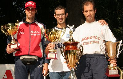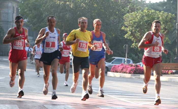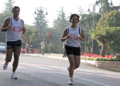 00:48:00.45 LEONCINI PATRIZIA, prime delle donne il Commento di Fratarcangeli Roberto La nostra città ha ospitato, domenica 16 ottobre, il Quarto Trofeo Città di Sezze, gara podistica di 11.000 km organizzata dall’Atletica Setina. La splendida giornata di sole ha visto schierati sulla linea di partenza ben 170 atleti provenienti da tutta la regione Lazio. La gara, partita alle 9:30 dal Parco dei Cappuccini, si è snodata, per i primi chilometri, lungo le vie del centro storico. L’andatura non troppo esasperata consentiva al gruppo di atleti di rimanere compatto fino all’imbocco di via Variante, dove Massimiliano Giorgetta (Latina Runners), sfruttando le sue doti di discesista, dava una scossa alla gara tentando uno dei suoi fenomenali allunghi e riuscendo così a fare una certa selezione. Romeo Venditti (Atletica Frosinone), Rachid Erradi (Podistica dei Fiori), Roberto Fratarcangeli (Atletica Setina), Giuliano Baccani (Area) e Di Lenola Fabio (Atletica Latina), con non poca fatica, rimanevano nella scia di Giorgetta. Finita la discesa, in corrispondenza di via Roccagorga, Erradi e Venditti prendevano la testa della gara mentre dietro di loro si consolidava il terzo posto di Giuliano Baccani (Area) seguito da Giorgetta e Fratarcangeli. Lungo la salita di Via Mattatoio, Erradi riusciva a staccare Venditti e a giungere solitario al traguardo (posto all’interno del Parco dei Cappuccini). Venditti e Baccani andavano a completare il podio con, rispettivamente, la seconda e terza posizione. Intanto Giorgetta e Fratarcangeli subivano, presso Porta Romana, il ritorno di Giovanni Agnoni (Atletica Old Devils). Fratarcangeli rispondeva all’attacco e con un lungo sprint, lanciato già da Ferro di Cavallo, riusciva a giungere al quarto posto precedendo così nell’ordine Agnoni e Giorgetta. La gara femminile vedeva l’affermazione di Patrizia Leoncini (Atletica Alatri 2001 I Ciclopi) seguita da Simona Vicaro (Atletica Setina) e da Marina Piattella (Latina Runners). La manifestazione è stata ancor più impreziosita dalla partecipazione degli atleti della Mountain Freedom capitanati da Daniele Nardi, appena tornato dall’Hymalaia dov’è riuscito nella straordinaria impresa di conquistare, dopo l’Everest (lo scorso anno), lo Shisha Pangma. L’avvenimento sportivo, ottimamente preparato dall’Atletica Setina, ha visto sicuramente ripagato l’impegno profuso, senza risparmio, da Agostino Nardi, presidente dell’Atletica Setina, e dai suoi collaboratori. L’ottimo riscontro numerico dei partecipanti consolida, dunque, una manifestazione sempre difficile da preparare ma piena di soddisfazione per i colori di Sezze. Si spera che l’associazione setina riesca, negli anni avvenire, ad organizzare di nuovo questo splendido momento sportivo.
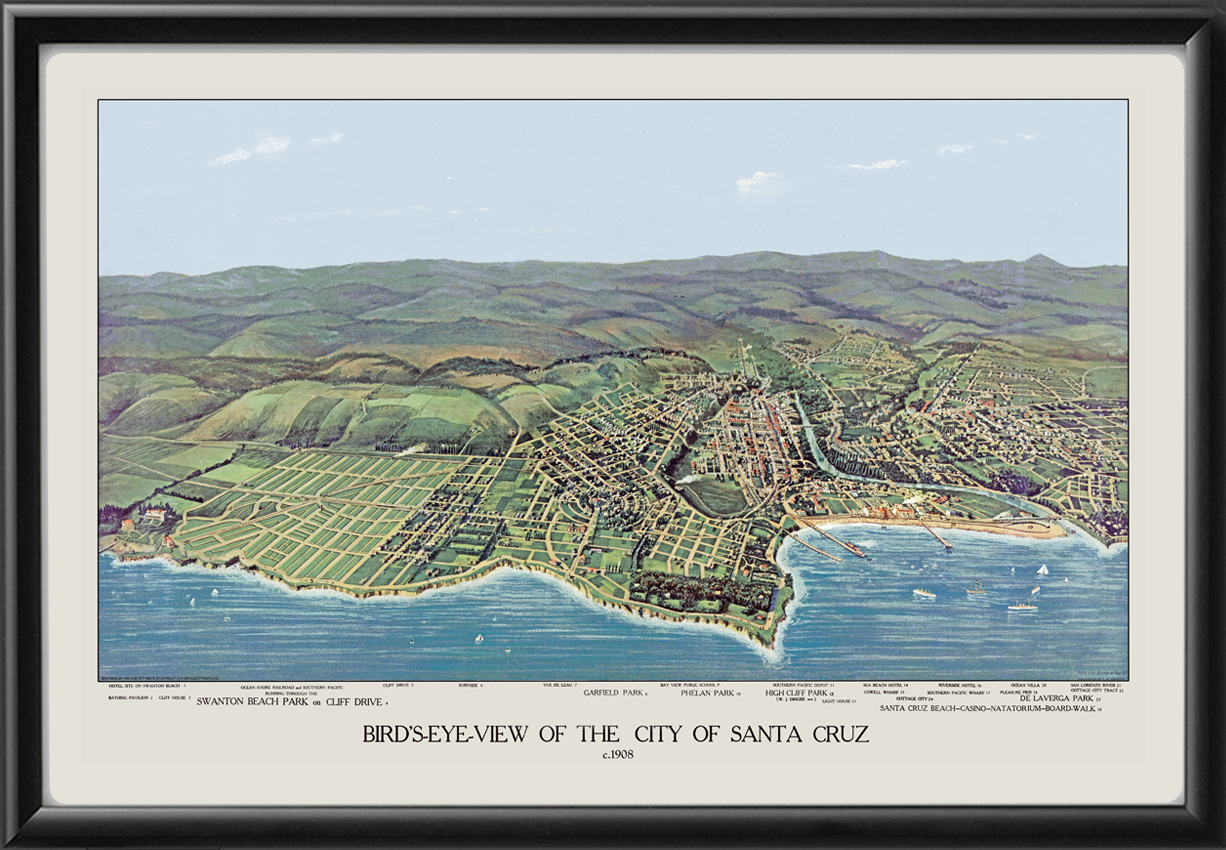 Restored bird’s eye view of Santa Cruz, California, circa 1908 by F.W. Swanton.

==

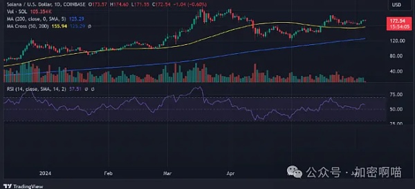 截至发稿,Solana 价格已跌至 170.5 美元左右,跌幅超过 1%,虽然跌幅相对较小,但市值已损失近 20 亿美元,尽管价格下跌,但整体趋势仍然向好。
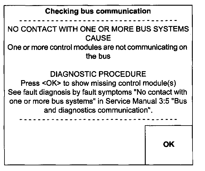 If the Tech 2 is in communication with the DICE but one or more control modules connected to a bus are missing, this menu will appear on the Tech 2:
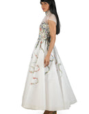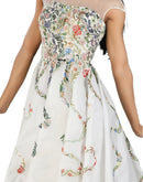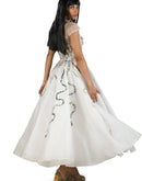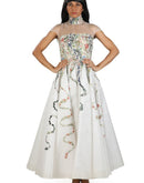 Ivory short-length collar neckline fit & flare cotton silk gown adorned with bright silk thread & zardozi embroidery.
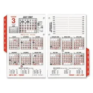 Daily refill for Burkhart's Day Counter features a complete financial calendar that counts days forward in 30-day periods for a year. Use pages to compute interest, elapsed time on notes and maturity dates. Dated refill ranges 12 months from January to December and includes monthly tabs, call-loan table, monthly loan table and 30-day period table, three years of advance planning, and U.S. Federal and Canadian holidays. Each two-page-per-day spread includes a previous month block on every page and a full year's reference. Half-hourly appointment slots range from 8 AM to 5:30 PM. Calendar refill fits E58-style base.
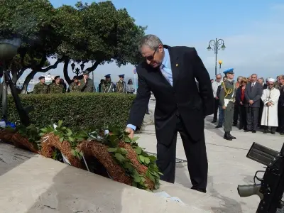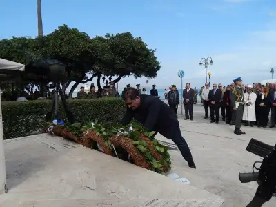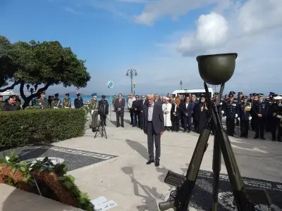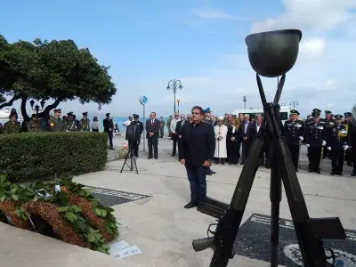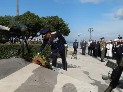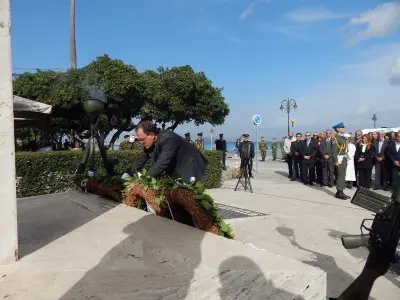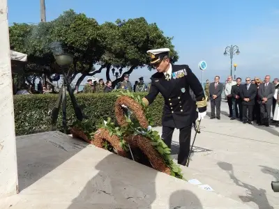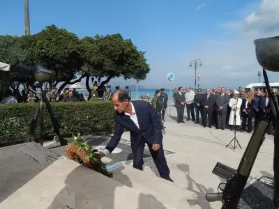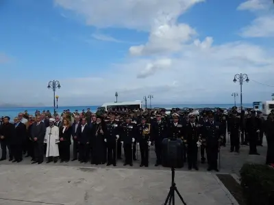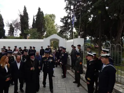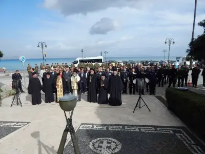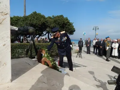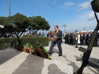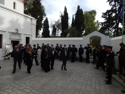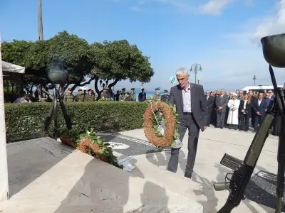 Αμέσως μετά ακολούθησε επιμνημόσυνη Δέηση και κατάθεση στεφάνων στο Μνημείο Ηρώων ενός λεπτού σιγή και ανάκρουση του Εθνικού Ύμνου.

---

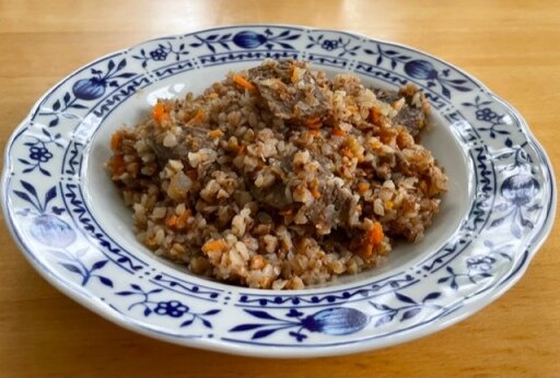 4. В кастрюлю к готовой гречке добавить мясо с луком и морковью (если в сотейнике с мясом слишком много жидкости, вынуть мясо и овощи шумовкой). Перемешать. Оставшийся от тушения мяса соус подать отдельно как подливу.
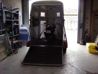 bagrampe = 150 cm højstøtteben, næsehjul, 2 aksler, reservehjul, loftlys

_Exercise requirements_: Look above for the line with "截至发稿,Solana 价格已跌至 170.5", then print it and each line after it down to and including the line with "Αμέσως μετά ακολούθησε". Leave out the pictures and keep the wording exact.

_Finished exercise_:
 截至发稿,Solana 价格已跌至 170.5 美元左右,跌幅超过 1%,虽然跌幅相对较小,但市值已损失近 20 亿美元,尽管价格下跌,但整体趋势仍然向好。
 If the Tech 2 is in communication with the DICE but one or more control modules connected to a bus are missing, this menu will appear on the Tech 2:
 Ivory short-length collar neckline fit & flare cotton silk gown adorned with bright silk thread & zardozi embroidery.
 Daily refill for Burkhart's Day Counter features a complete financial calendar that counts days forward in 30-day periods for a year. Use pages to compute interest, elapsed time on notes and maturity dates. Dated refill ranges 12 months from January to December and includes monthly tabs, call-loan table, monthly loan table and 30-day period table, three years of advance planning, and U.S. Federal and Canadian holidays. Each two-page-per-day spread includes a previous month block on every page and a full year's reference. Half-hourly appointment slots range from 8 AM to 5:30 PM. Calendar refill fits E58-style base.
 Αμέσως μετά ακολούθησε επιμνημόσυνη Δέηση και κατάθεση στεφάνων στο Μνημείο Ηρώων ενός λεπτού σιγή και ανάκρουση του Εθνικού Ύμνου.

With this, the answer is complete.